====== Provided data

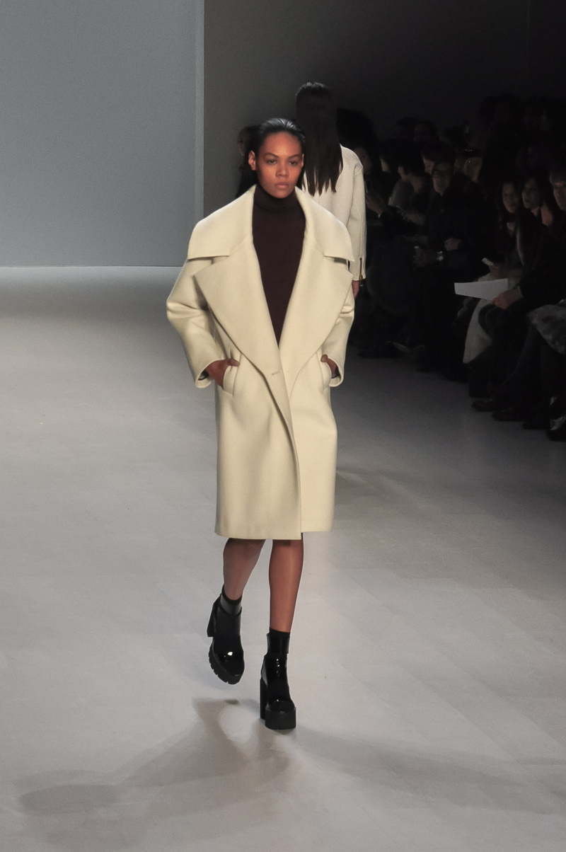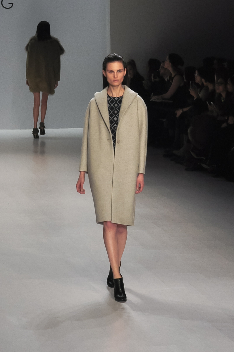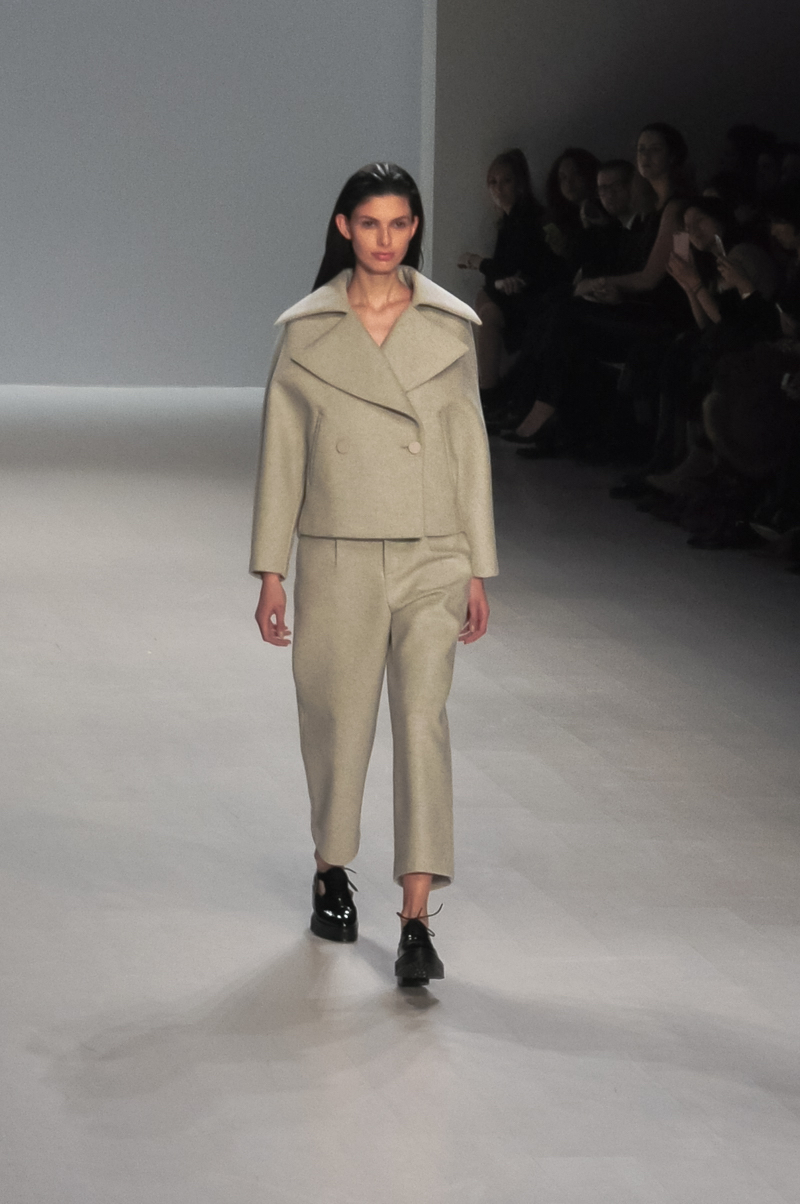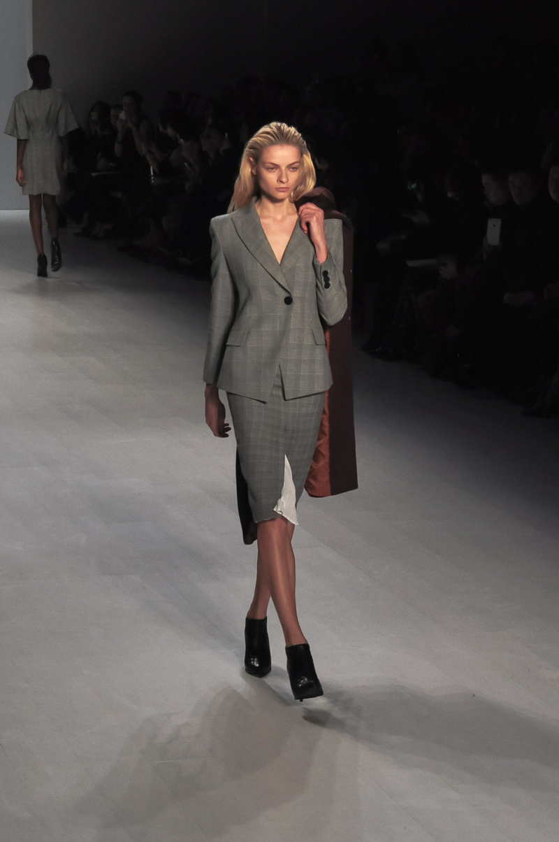 The first model wore a cool grey pantsuit in wool plaid. The double breasted jacket buttoned at the waist, had a wide lapel, and was cropped in a gentle curve that tapered slightly toward the hips. The suit was worn with a long slim wool coat in a warmer tone of grey.
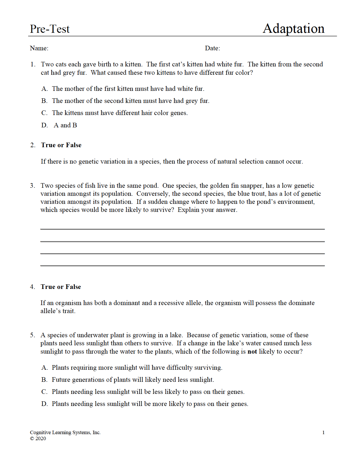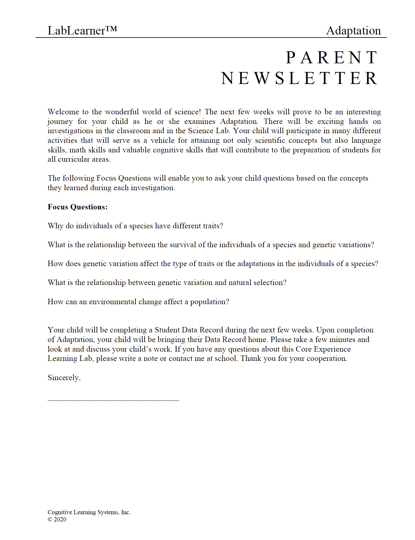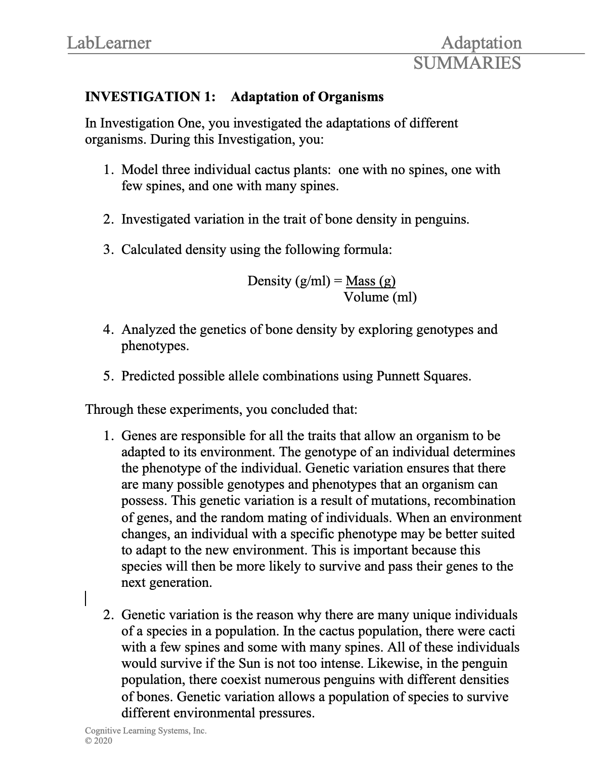 Adaptation: Investigation 1 - Adaptation of Organisms
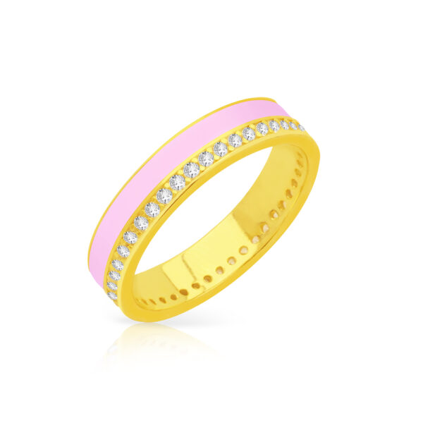 Pierścionek z różową emalią oraz cyrkoniami srebrny pozłacany wykonany z najwyższej próby srebra 925 – bez niklu, nie uczula. Biżuteria dodatkowo pokryta 3 warstwami 24 karatowego złota. Biżuteria modowa ozdobiona różową emalią jubilerską oraz cyrkoniami o przejrzystości: AAAAA+, klasa pierwsza. Wysokiej klasy cyrkonia nadaje delikatny błyszczący efekt. Wyrób jubilerski wykonany z ogromną precyzją przez mistrzów jubilerstwa.

============

## What is needed
Retype the data shown above exactly, excluding any picture it contains.

## Response
 The first model wore a cool grey pantsuit in wool plaid. The double breasted jacket buttoned at the waist, had a wide lapel, and was cropped in a gentle curve that tapered slightly toward the hips. The suit was worn with a long slim wool coat in a warmer tone of grey.
 Adaptation: Investigation 1 - Adaptation of Organisms
 Pierścionek z różową emalią oraz cyrkoniami srebrny pozłacany wykonany z najwyższej próby srebra 925 – bez niklu, nie uczula. Biżuteria dodatkowo pokryta 3 warstwami 24 karatowego złota. Biżuteria modowa ozdobiona różową emalią jubilerską oraz cyrkoniami o przejrzystości: AAAAA+, klasa pierwsza. Wysokiej klasy cyrkonia nadaje delikatny błyszczący efekt. Wyrób jubilerski wykonany z ogromną precyzją przez mistrzów jubilerstwa.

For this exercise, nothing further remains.